Budgeting checks by Blenheim funeral directors ensure a deceased's family do not feel the burden of escalating funeral costs.
Funeral directors set out a clear financial plan to allow families to live within their means, a Blenheim funeral director said.
A lawyer dealing with family estates said the guidance meant there had not been reports of people in Marlborough being caught with unmanagable funeral costs.
The Express inquired about the issue after the Dominion Post reported that a widower in Waikanae is being forced to leave his rented flat after spending nearly all his savings on his beloved wife's funeral.
Ken Allen, 81, looked after his sick wife Rona, 81, for 12 years before she died in November. Their only asset was $8716 in a joint account, saved for both their funerals so they would not be a burden on their family when they died. But Mr Allen soon discovered that was barely enough for one funeral.
He paid Kapiti Coast Funeral Homes $5396 up-front, and applied to Work and Income for a funeral grant to cover the rest.
But his application was declined on the ground that his savings were above the asset limit for the grant.
Lloyd Bush, a funeral director at Geoffrey T Sowman Funeral Directors in Blenheim, said Blenheim funeral directors were careful and clear when setting a funeral budget with a client.
"We explain to families approved costs for the funeral," he said. "If people have financial issues we can work within a budget."
It was not common in Marlborough that a deceased's family paid for pricey funerals they could not afford, he said.

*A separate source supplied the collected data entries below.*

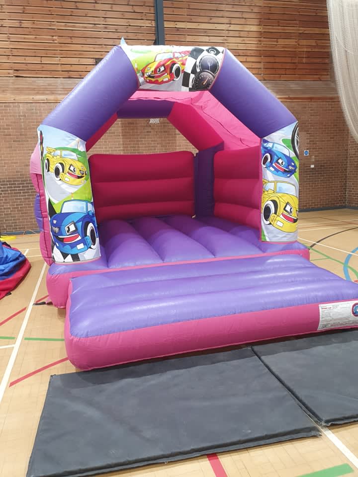 🏁 Our girl-themed car bouncy castle is suitable for children aged 1-11 years, ensuring that all the little ones can join in on the fun. With its vibrant pink and purple colours, it's sure to capture their attention and create a memorable experience.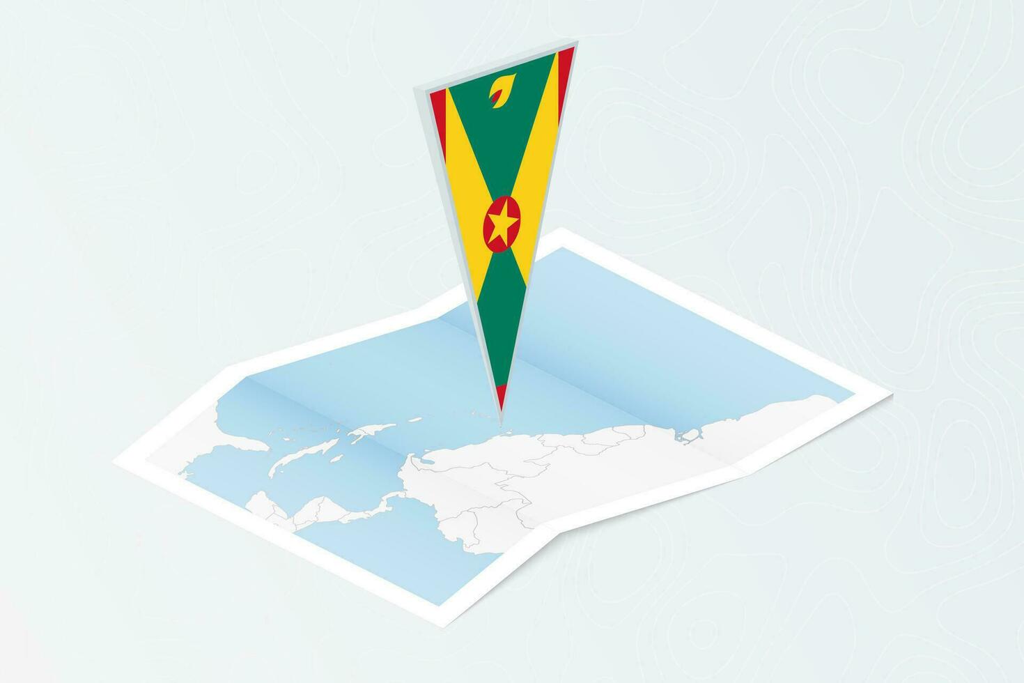 Isometric paper map of Grenada with triangular flag of Grenada in isometric style. Map on topographic background. Pro Vector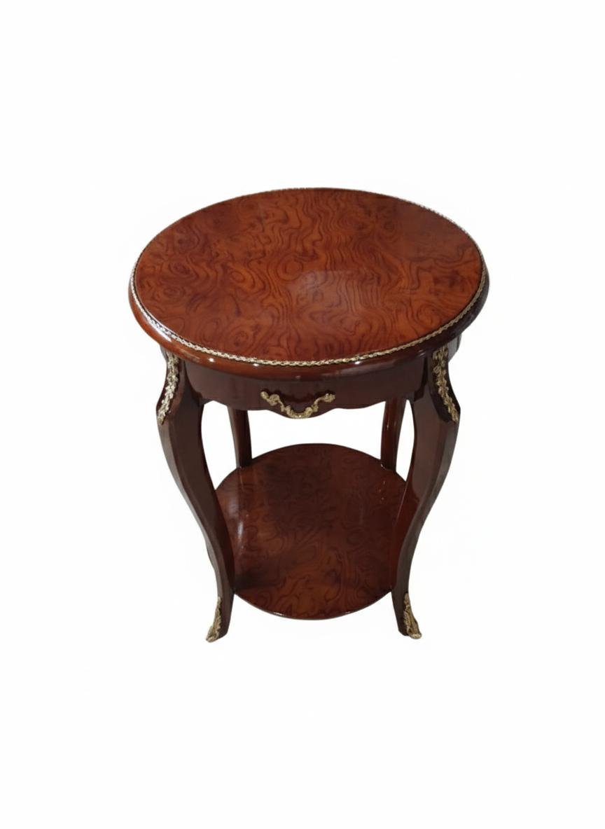 The MACE Heritage Baroque Round Side Table is a refined statement piece that combines classical elegance with functional design. Crafted in a warm brown wood finish, the tabletop features an exquisite veneer pattern inspired by traditional European furniture craftsmanship. The gently curved silhouette, decorative brass accents, and ornate detailing give this table its unmistakable baroque character.
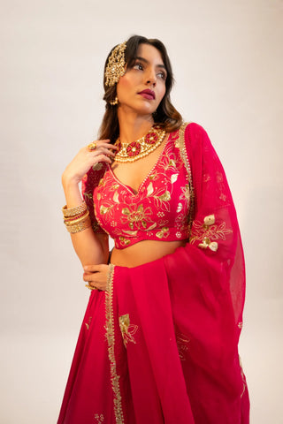 Pink embroidered lehenga, blouse paired with embroidered dupatta
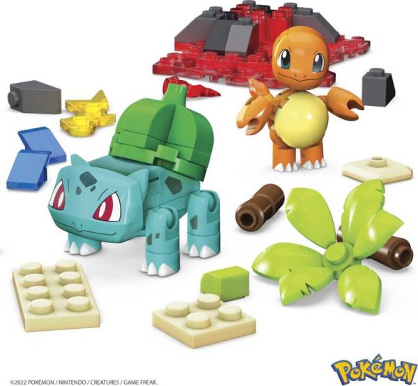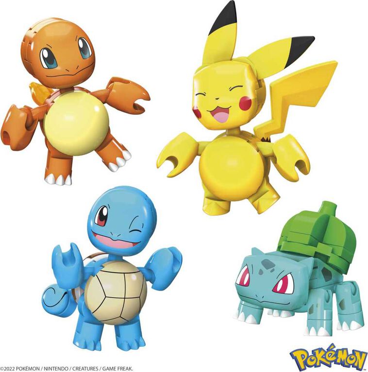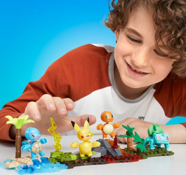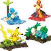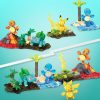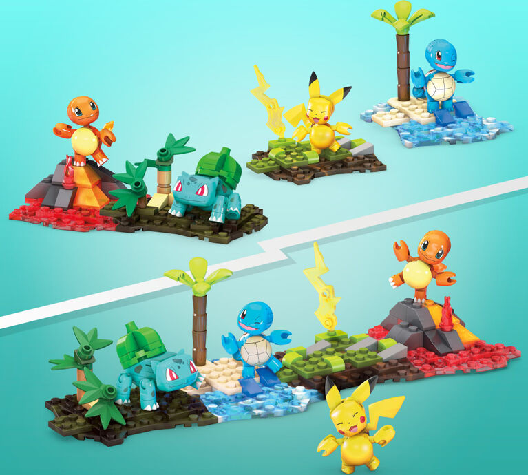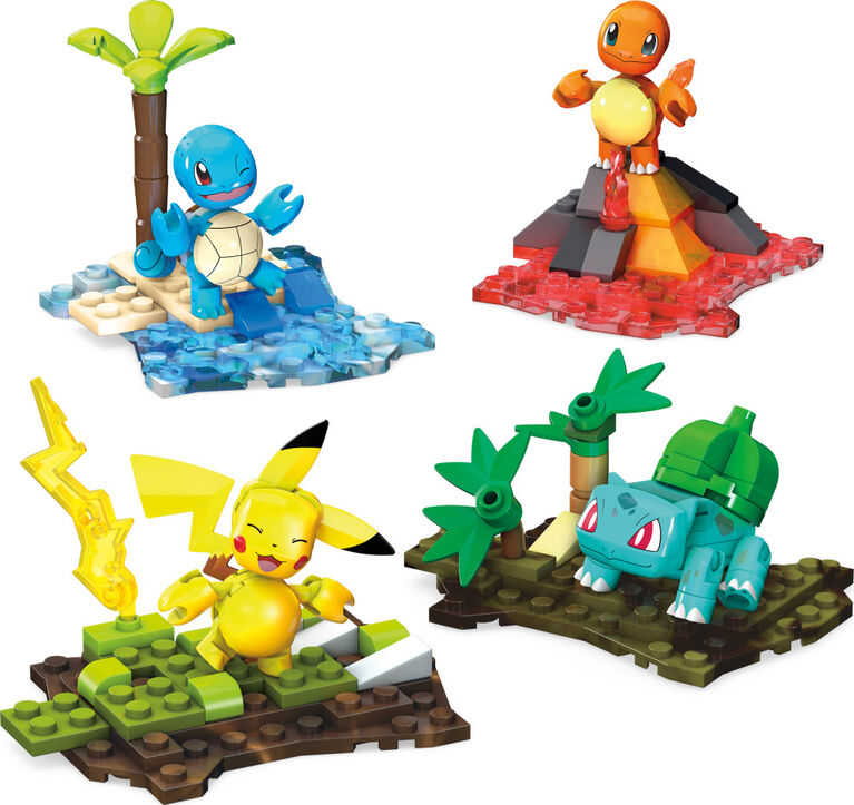 Set includes Pikachu, Squirtle, Charmander and Bulbasaur plus buildable environment stands
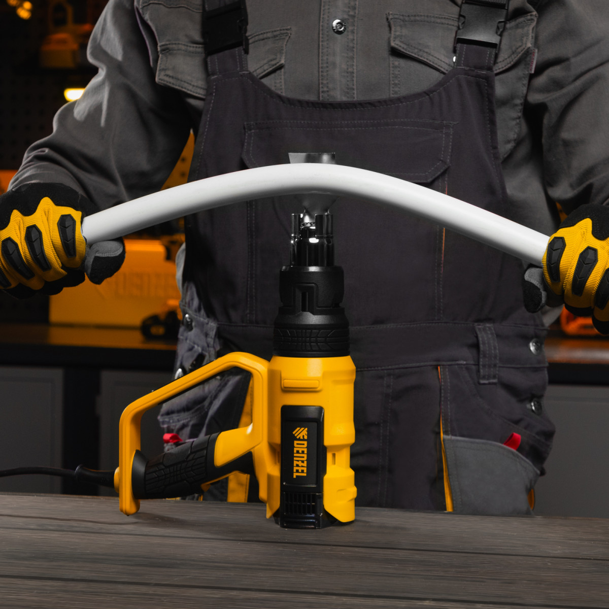 Фен технический Denzel HG-2000M 28005 мощностью 2000 Вт, с 3 режимами работы, подходит для снятия лака и краски с различных поверхностей, размораживания и пайки труб, создания изгиба в пластиковых деталях, генерации точечного теплового потока для нагрева небольших участков и др. Справиться с этими задачами помогает треугольный скребок и 4 насадки: плоская, полукруглая, отражающая и редукционная.,Мощность фена 2 кВт обеспечивает стабильную производительность на уровне 250/500 л/мин, в зависимости от выбранного режима. Температура выходящего потока составляет 50/50-450/50-600 ℃.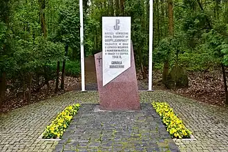 In September, the Kampinos Group also engaged in several defensive battles. On September 14, soldiers of the Palmiry-Młociny Regiment repelled a German punitive expedition intending to pacify Buda and Mariew.[237] Meanwhile, in mid-September, the Germans, supported by armored cars, attempted to dislodge Home Army soldiers from Pociecha. Covered by minefields, soldiers of the Sochaczew Battalion managed to repel all attacks. The Germans lost several killed and one armored car in the vicinity of Pociecha.[238][239]
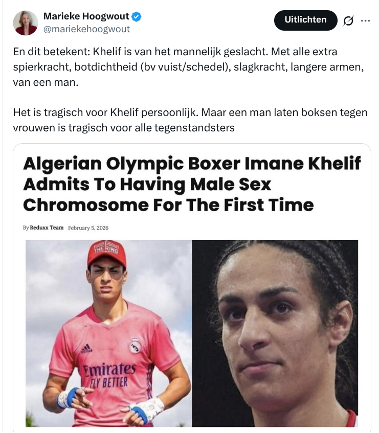 Als het volgens X onder EU-wetgeving "illegal of harmful" is om te zeggen dat het bezwaarlijk is dat er mensen van het fysieke mannelijke geslacht tegen vrouwen boksen, is de veiligheid van vrouwen de facto afgeschaft. Niet acceptabel. No way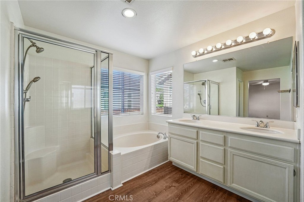 Turn Key 3 bed, 2.5 bath home is ready to be made yours and is located in the Rancho Bella Vista community! Offering great curb appeal, an attached 2-car garage, a covered porch area to enjoy, and leased Solar Panels. Also, the interior is spacious with almost 2,000 sqft of living space, high ceilings, recessed lights, carpet, and tile flooring. Enter into the formal living room and dining room which flows into the family room with fireplace and sits just off of the kitchen with granite countertops, on-trend dual-color white and blue cabinetry, with center island, and a pantry. All 3 bedrooms are located on the 2nd floor including a bonus loft area. The large primary suite features a private ensuite with dual sinks, a soaking tub, and a separate shower. There is also a full-size hall bathroom for the 2 secondary bedrooms, and a half bathroom for guests. Enjoy the fully fenced backyard with grass and concrete areas, a gazebo to relax under, and plenty of space to make your own! Conveniently located near schools, trails, shopping, dining, and not far from the 215 and 15 Fwys! Schedule your tour today!

"Some people have difficulty paying for funerals, but there is a Work and Income grant of a maximum $1,971. Anyone who thinks they qualify for the grant will be asset-tested by Work and Income."
If a person died as a result of an accident the Accident Compensation Corporation would award up to $5879, he said.
Funeral costs range from $2,000 for a cremation-only funeral, with the deceased's ashes returned in an urn.
Costs can increase to as much as $8000 depending on the choice of casket, transport and associated costs of food and flowers.
Marlborough had the highest per-capita increase in the over-65 population in New Zealand, latest census figures show.
Alison Weaver, a partner at Gascoigne Wicks law firm who works in estate planning and family law, said funeral costs were a hot topic in Blenheim because of its increasing elderly population.
People did not always talk about death and their first experience of the cost of death was often when it happened to someone close to them, she said.
Funeral directors had checks in place to ensure a family member or the deceased's estate could cover funeral costs, she said.
"Dying is very expensive. Funeral directors are conscious of the costs and want people to be able to afford to pay for it. They have very clear discussions with the family about what is affordable and what is not."
She did not know of any cases of anyone being unable to pay for a funeral.
"As a business, funeral directors don't want debt they can't recover. I think, many people may start with the assertion that money is no object but they end up being realistic because a funeral director's guidance is clear on what is affordable to them."
Funeral directors in Blenheim offer pre-pay funeral options where money is paid into a secure trust. For those in financial distress, sometimes a funeral director will agree to allow payment over time, she said.
There was a lot of information available in Marlborough on the subject, from services such as Community Law and budget advice services, due to the percentage of over 65s here, she said.